Diğer askerler bu güzel genç hanımı sürmekten çekinmiyordu. Kimisinin arsız bakışları Hilal'i rahatsız etmişti. Bu durumdan en az Hilal kadar rahatsız olan biri daha vardı. Biri cok güzel olduğundan bahsediyordu. Diğeri daha önce nasıl görmediğine hayıflanıyordu bir öbürünün aklından keske Yüzbaşı burada olmasa diye geçiriyor peşi sıra çirkin düşüncelerini yüzüne yansıtıyordu.
"Dönün önünüze kesin fısıldaşmayı!" Leon'un kendi anadilinde söylediklerini anlam veremeyen Hilal omuz silkti.
"Buyrun atıma bineceğiz." Hilal, Leon'un eliyle işaret ettiğe ata bakıp tek kaşını kaldırdı. "Bineceğiz?"
"Siz ve ben?"
"Kafayı yemişsiniz hepiniz. Yok yere faytonumuzu kullanılmaz hale getirdiniz. Birde neden olduğunu bilmediğim bir şekilde apar topar karakola götürülüyorum hiç bir açıklama yapılmıyor. Yabancı bir adam ile ayni ata bineceğim söyleniyor ölürüm de binmem."

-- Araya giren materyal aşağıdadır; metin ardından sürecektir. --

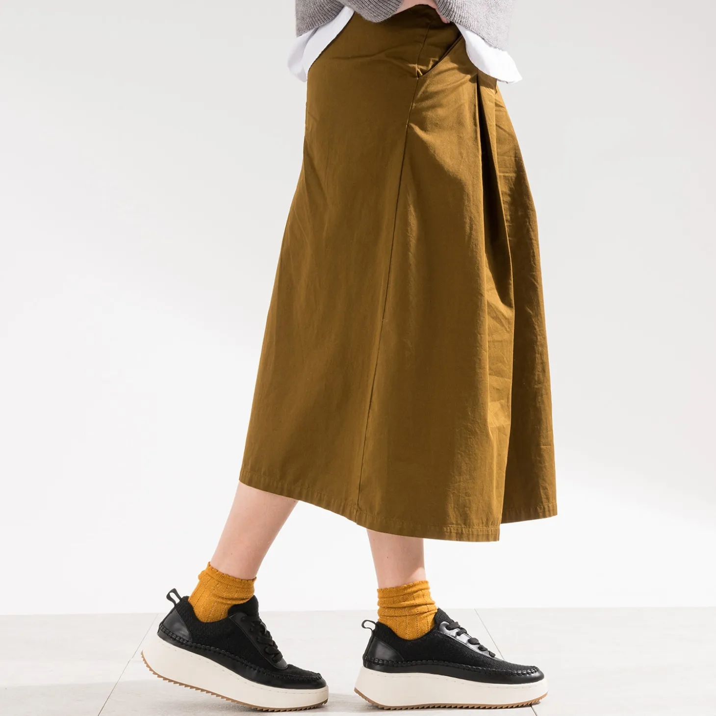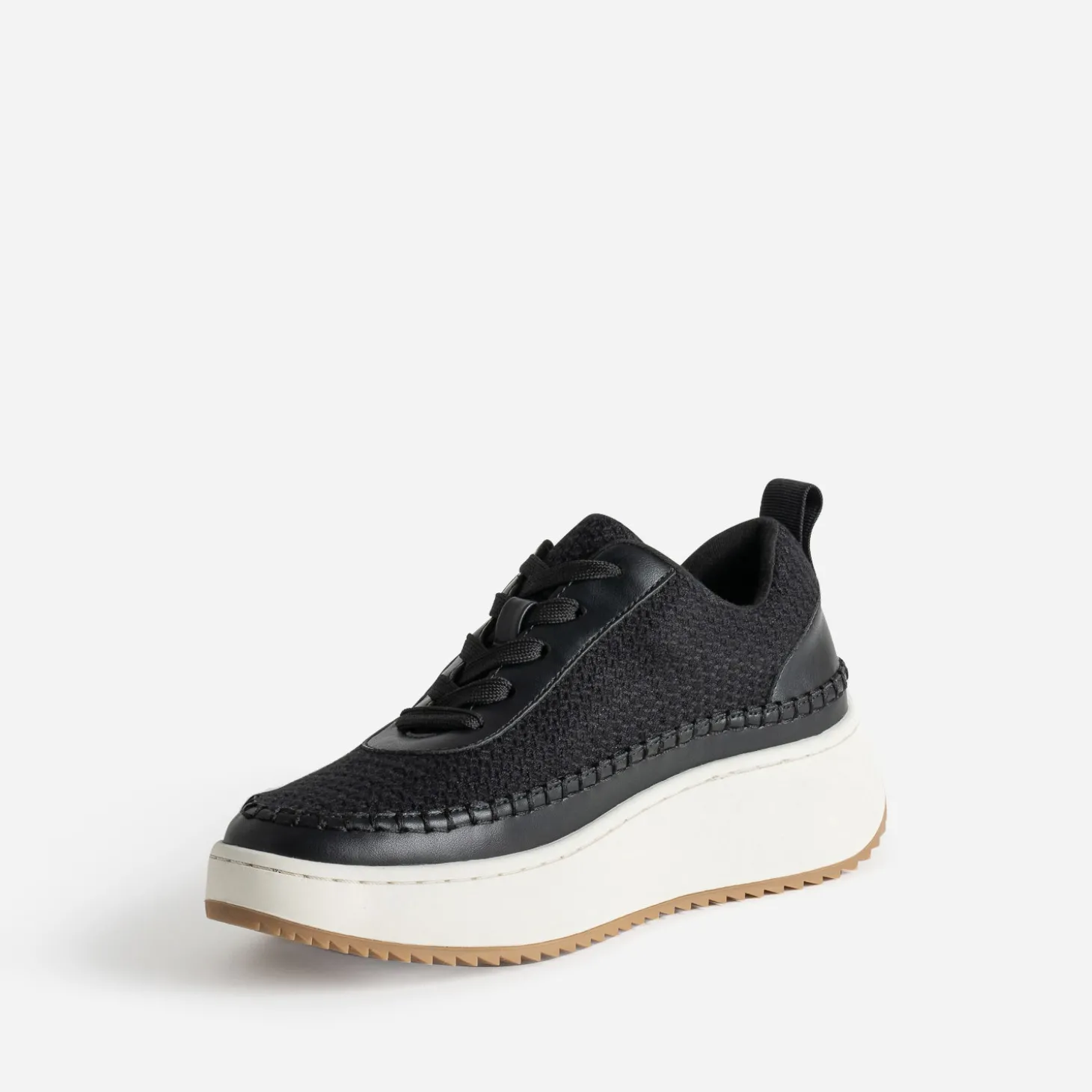 Esprit sport sur semelle compensée : la Dad shoes confirme son statut de tennis, pile dans la tendance. Bi-matière, elle associe un textile noir avec motif à relief à des bordures lisses ton sur ton, sur la patte de laçage et le bord de la semelle rythmé de surpiqûres fantaisie. Un modèle idéal pour gagner quelques centimètres sans effort ! Pensez à équilibrer votre look, en privilégiant soit du court (robe, short) soit un vêtement près du corps en haut et un pantalon ou jean large en bas.
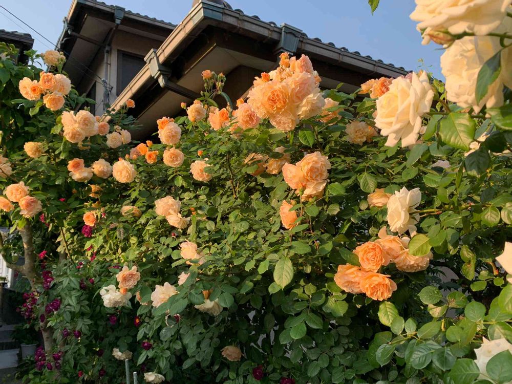 さん、はい、つるバラです。アプリコット色にオレンジがかった色で花が房になって咲くので豪華に見えますよ🌹横張りなので両側に枝を広げると4〜5mになりますがある程度のスペースがあれば枝の長さは調節できますから大丈夫と思います🌿
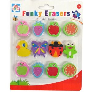 Funky Shaped Coloured Eraser Pack Of 12 By Kids Create Perfect Size For Kids Funky Shaped Coloured Eraser Pack Pack of 12, by Kids Create Fun pack of shaped erasers by Kids Create. Comes in a pack of 12. Shaped, illustrated and coloured as different characters as shown in the picture. These erasers measure 30mm x 25mm. Perfect size to fit in a pencil case. Not suitable for children under 3 years.
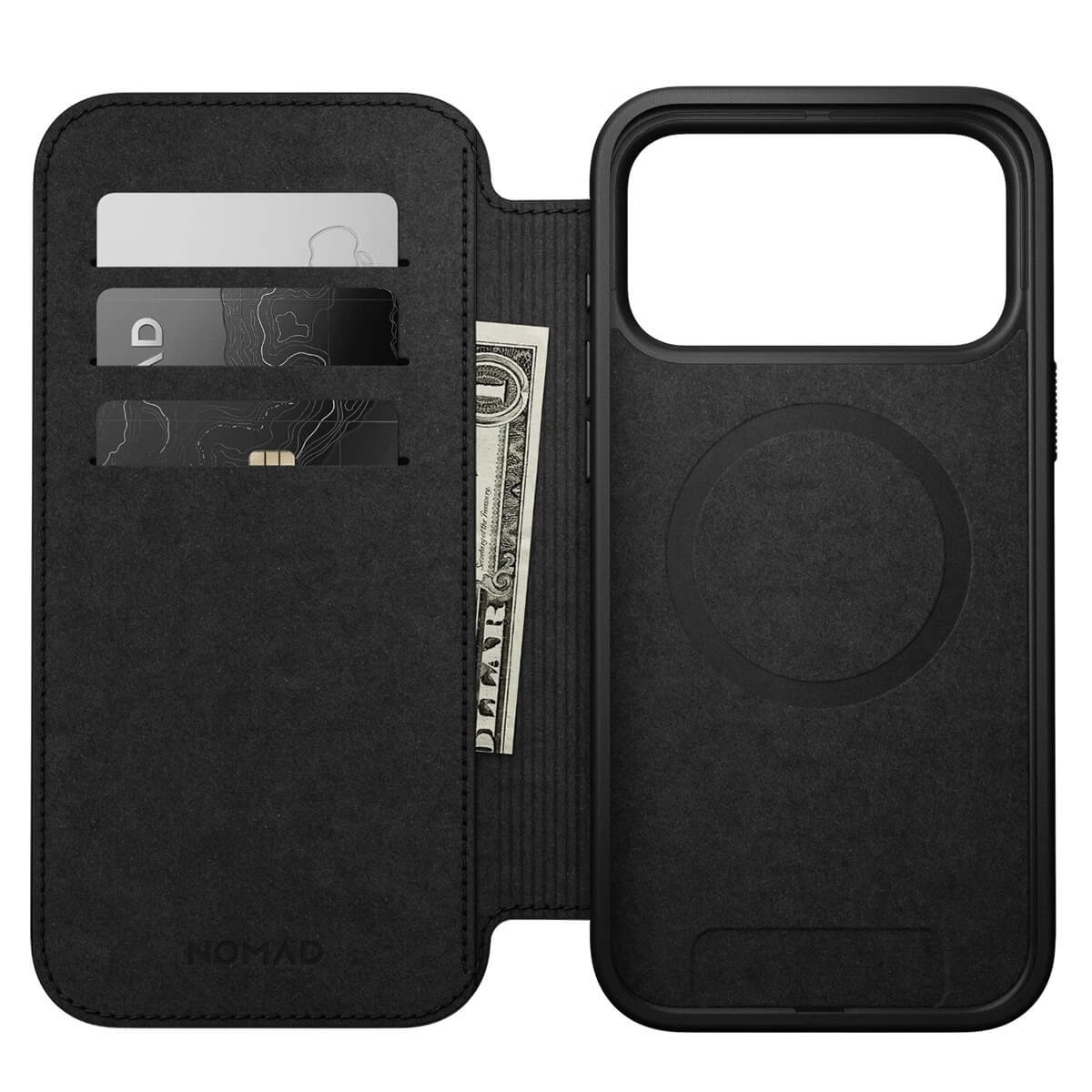 Кожен калъф (естествена кожа), тип портфейл с MagSafe за iPhone 17 Pro - Nomad Modern Leather Folio MagSafe Case (черен)

"At kullanmayı bilmiyorsunuzdur. Bu soğukta yolumuz uzun sizin yürümenizi bekleyecek kadar da boş vaktimiz yok. Şimdi binin dedim şu ata." Leon hiç sesini yükseltmek itemesede askerlerin yanında itibarını korumak için böyle davranmak zorunda kalıyordu. Ayse korkudan titrerken Hilal'in içinde ise hic korku yoktu, biliyorduki bu Yüzbaşı kendisine zarar verecek olsa çoktan bunu yapardı. Küçümseyici bir gülüş ile gösterdiği ata ilerleri. Leon yardımcı olmak için öne çıkmıştı. Elinin tersi çekilmesini işaret etti, pelerinini geriye savurdu tek hamlede atın üzerine oturup kayışı eline aldı atı yarım daire çevirerek Leon'a yukarıdan baktı.
"Atınızı ödünç alıyorum. Kırdığınız faytonuma sayın." Ayseyi arkasına alıp atı ilerletmeye başladı.
Ona olan hayranlık ile parıldayan kehribar gözler gülümsüyordu. Hilal'in pelerini rüzgarda dalgalanıyordu genç kadın usta hareketler ile atı kontrol ediyor sık ağaçların arasında ay ışığının aydınlattığı toprak yolda ilerliyordu. Gecenin ona sunacakları henüz bitmemişti. Esas hikaye asıl şimdi başlıyordu.